Brookfield turned the project over to its local partner, Devonshire Investors.
The University of Vermont Medical Center had pledged to move into the new development.
Burlington’s mayor called the abandonment “a breach of faith.”
Brookfield has specialized in converting old malls into mixed-use centers and owned 122 U.S. retail properties as of 1 April.
SAUDI ARAMCO NET INCOME SLASHED IN HALF. Saudi Arabia’s national oil company reported net income of $23.2 billion in this year’s first half, slightly less than half of the amount it posted for the same period in 2019.
The company still will pay its second-quarter dividend, totaling $18.75 billion, in the third quarter this year.
Saudi Aramco now expects its capital expenditures for 2020 to be slightly above $25 billion, compared to $32.7 billion last year.
The global oil industry is reeling from a glutted market as the world’s economic shutdown collapsed demand for oil for fuel and chemical feedstocks.
As a result, oil companies are drastically reducing the estimated value of their reserves and hundreds of smaller producers are on, or over, the edge of failure.
Yet, Saudi Aramco sees the barrel as half full. “We are seeing a partial recovery in the energy market as countries around the world take steps to ease restrictions and reboot their economies,” said Amin Nasser, the company’s CEO.

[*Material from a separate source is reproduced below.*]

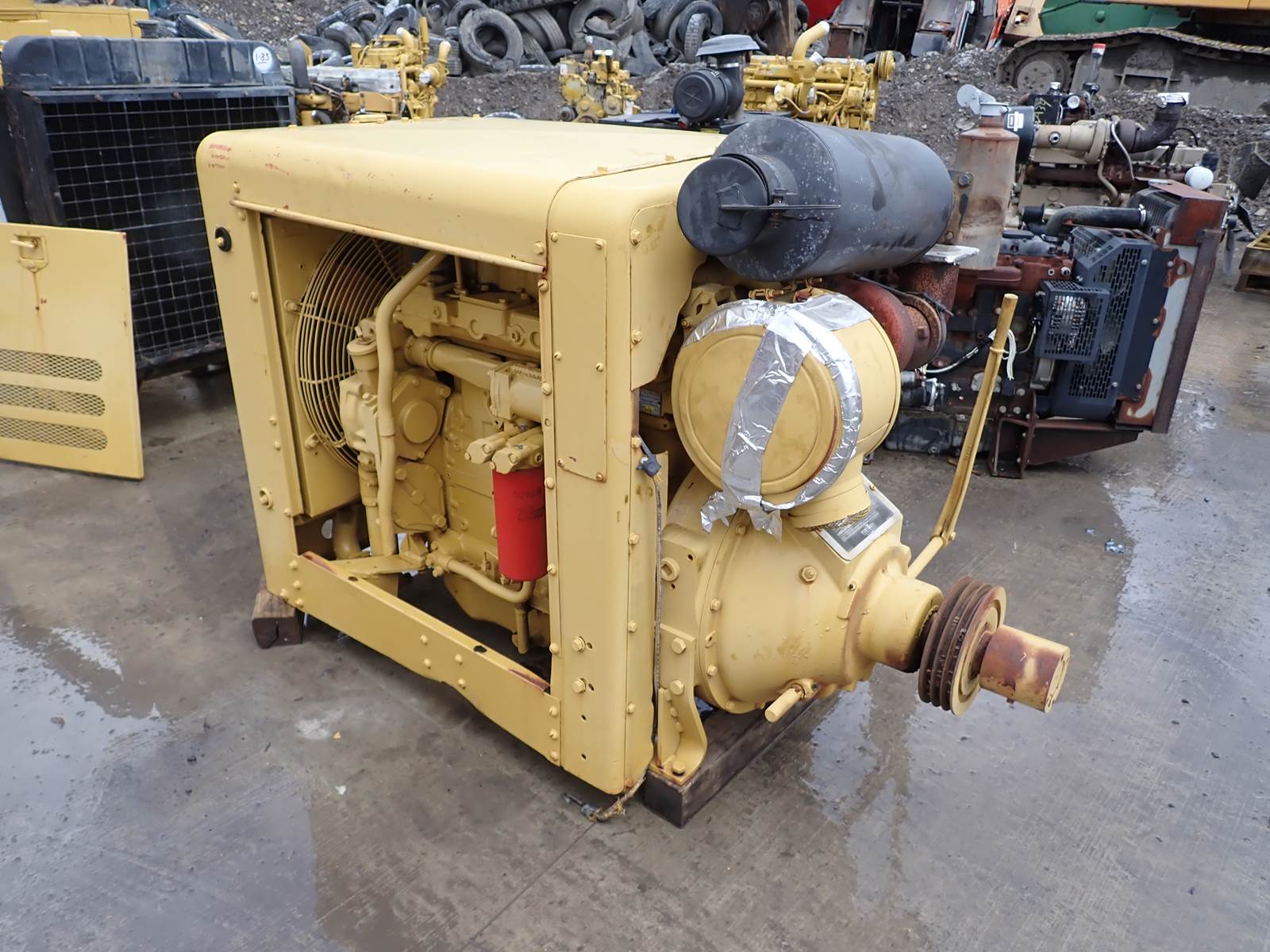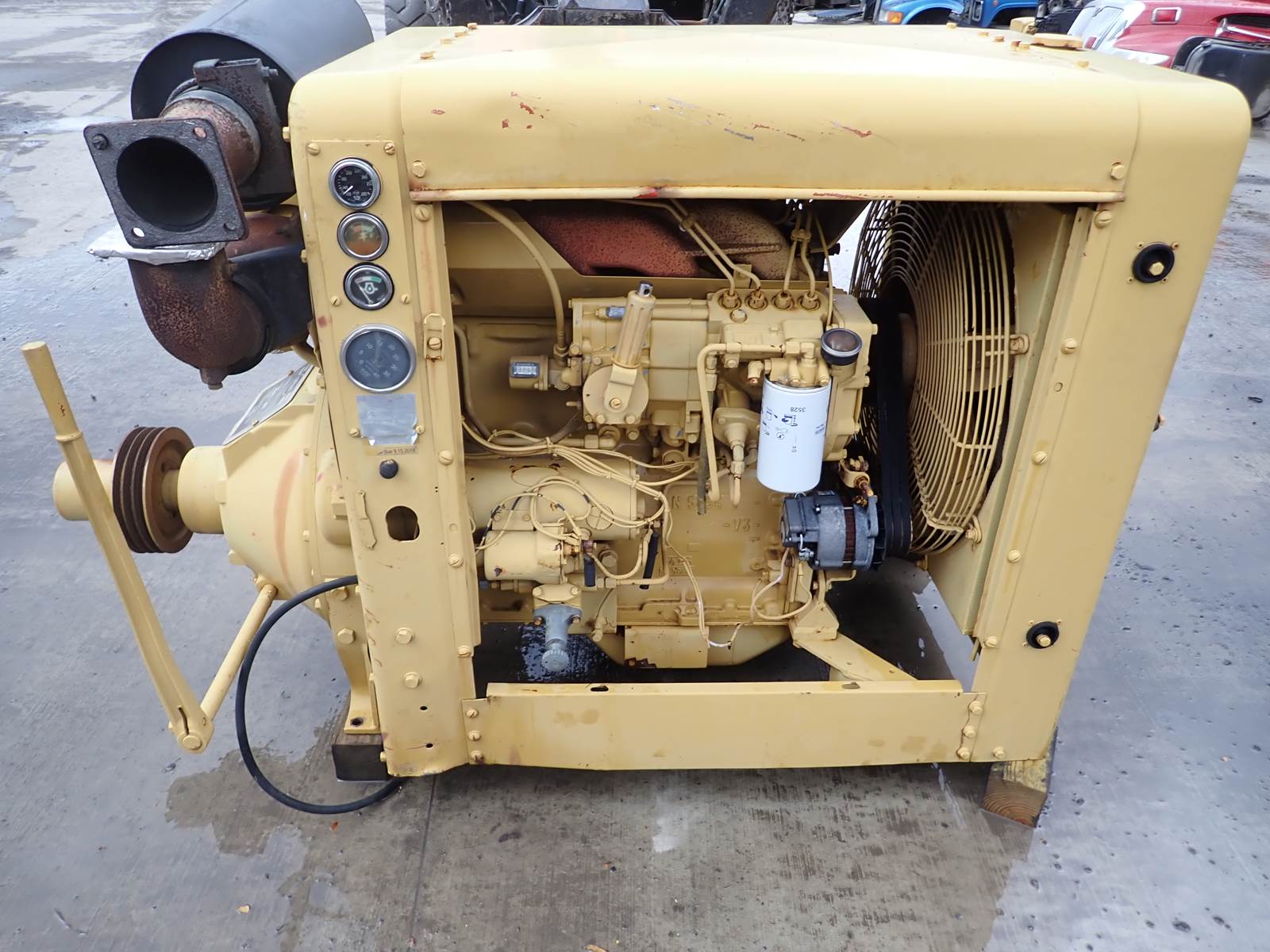 1988 Caterpillar 3304 DI diesel engine, turbocharged, mechanical fuel system, arrangement # 1W-3871 (1W3871,) complete power unit w/ radiator, panel, power take off clutch, enclosure and other accessories as pictured, direct injection, 165 HP at 2200 RPM, removed from a pump unit with 369 ORIGINAL HOURS ON MECHANICAL PUMP METER !!! THE WHOLE ENCHILADA HERE INCLUDING A TWIN DISC PTO CLUTCH !! HOOK UP YOUR BATTERY AND A FUEL JUG AND YOU ARE READY TO GO !! ONE OF A KIND SETUP WITH THESE HOURS AND IN THIS CONDITION !! TEST RAN EXCELLENT AS EXPECTED. Clean runner, no smoke or blowby observed, see video. USE SHORT BLOCK # 0R2080 (0R-2080) FOR REFERENCE, WILL INTERCHANGE W/ THE FOLLOWING APPLICATIONS: 215D, 219D, 225D AND 229D EXVAVATORS 963 TRACK LOADERS 518 AND 527 SKIDDERS 3304 AND 3304B INDUSTRIAL ENGINES 936, 936E, 936F, 950B AND 950E WHEEL LOADERS WILL ADAPT TO OTHER APPLICATIONS AS WELL INCLUDING THE MAJORITY OF 3304 DI CONSTRUCTION ENGINES.

This year’s earnings will suffer, he added.
TREND FORECAST: Brent Crude prices have been hovering in the low to mid-$40 a-barrel range for several weeks.
Today, on the news that the Washington was poised to inject yet another massive dose of monetary methadone to artificially prop up the world’s second largest economy, crude oil prices spiked 2 percent.
But by the day’s end, Brent Crude fell 1.16 percent, closing at $44.47 a barrel. We maintain our forecast that supply will continue to outpace demand despite injections by governments and central banks to artificially prop up economies.